I think about what to give her, so I say, "She was asking if I had decided. She’s been waiting for me to decide. She knew on the night you came back to the brownstone with our daughter. She knew before I knew. She’s been waiting for me to ask her for the ring."

Maeve goes very still.

"The ring."

"Yes."

"You have a ring?"

"Yes."

"How long have you had a ring?"

"Forty-two days."

She lifts her head.

She’s looking at me. Her eyes are wet again. Her mouth is doing what it does when she’s hearing something she didn’t expect and processing it in real time.

"Forty-two days," she says. "You have had a ring in this house for forty-two days."

"In the nightstand. In a small velvet pouch. Six feet from your head every night."

She breathes. "Why didn't you ask?"

"Because you were not ready. Because ‘I’ was not ready. And I am going to ask you the right way, after the grand jury, with my mother and the family. The ring is for the asking with words. Tonight was the asking without."
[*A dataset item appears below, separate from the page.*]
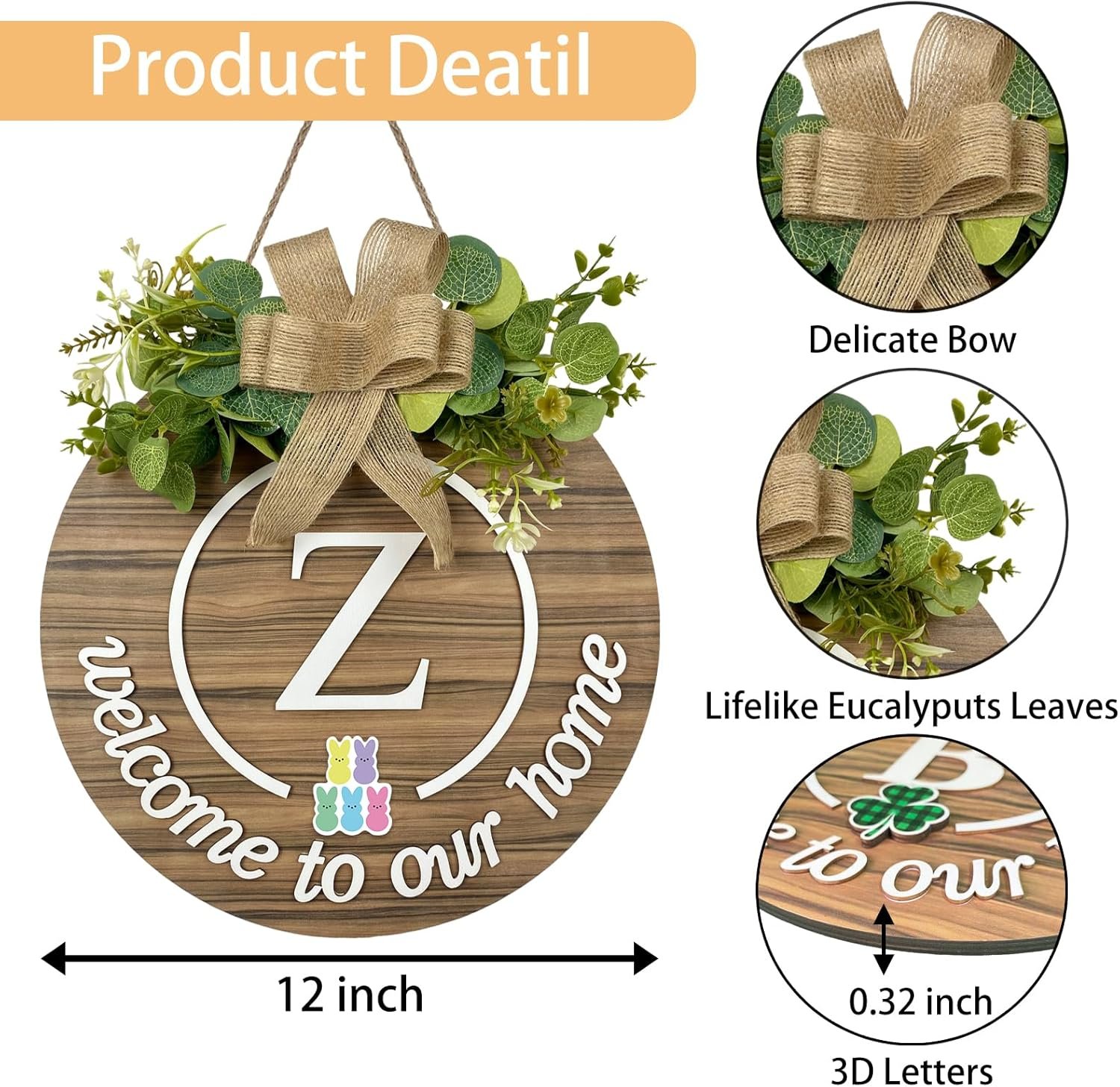 High-quality material: The interchangeable welcome sign is made of high-quality wood material, with exquisite wood texture, thicker, stronger, and more textured. Use high-quality hot melt adhesive to paste the artificial eucalyptus wreath and 3D raised letters on the board to make it vibrant has a three-dimensional feeling, and the charming appearance attracts people’s attention, bringing you a good use experience, which can provide you with long-term service

"You knew," she says. "You knew I would say yes."

"I hoped."

"You hoped."

"I have hoped for fifty-five days."

She puts her face down on my chest again. Her shoulders move. I do not know if she’s laughing or crying. I do not ask. I run my hand down her back, the slow, careful pass of a man who has decided his hand will be on his wife's back for the rest of her life, and I wait.

She lifts her head again.

She says, "Tell me about the ring."

So I tell her about the ring.

I tell her it was my grandmother's. Her name was Kalliope. She came from a village in the hills outside Thessaloniki in 1948 and lived in Brookline for fifty-seven years until she died in 2005. She read the ‘Iliad’ in Greek and made me read it to her on her porch when I was eleven and her eyes had gone bad, and the reading was the reason I learned to love a thing the way Greeks have always loved Homer, which is the way you love a thing because someone you love loved it first.

My grandfather's name was Niko.

Niko gave Kalliope the ring on their wedding day in 1958.
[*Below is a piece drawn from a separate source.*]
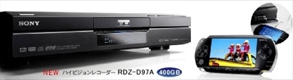 Sony has newly released three new HDD/DVD recorders, RDZ-D97A, RDZ-77A, RDZ-87 to their RDZ series. The new RDZ-D97A(pictured) is of 400GB storage capacity and 77A of 250GB. These HDD/DVD recorders feature digital Hi-Vision (1080i HDTV in Japan) tuner and two-analog tuners which enable you to simutaneously record three teeveelicious broadcasts. They also enable you to record directly to your PSP to take your recordings.

On their twenty-fifth anniversary, in 1983, Niko had a Greek word inscribed inside the band, in a jeweler's shop in Thessaloniki, on the family's first trip back to Greece in fifteen years. He had it inscribed in secret. Kalliope didn’t know about the inscription until after Niko died. When she found out, she pulled the ring off and read the inside for the first time in twenty-two years, and she wept.

I tell her the inscription is one Greek word.

I do not tell her the word.

Kalliope wore the ring for forty-seven years until her death. It went to my father. He wore it on a chain around his neck. When my father was killed in 2010, the ring went to my mother. My mother has kept it in a velvet pouch in a dresser drawer for fifteen years.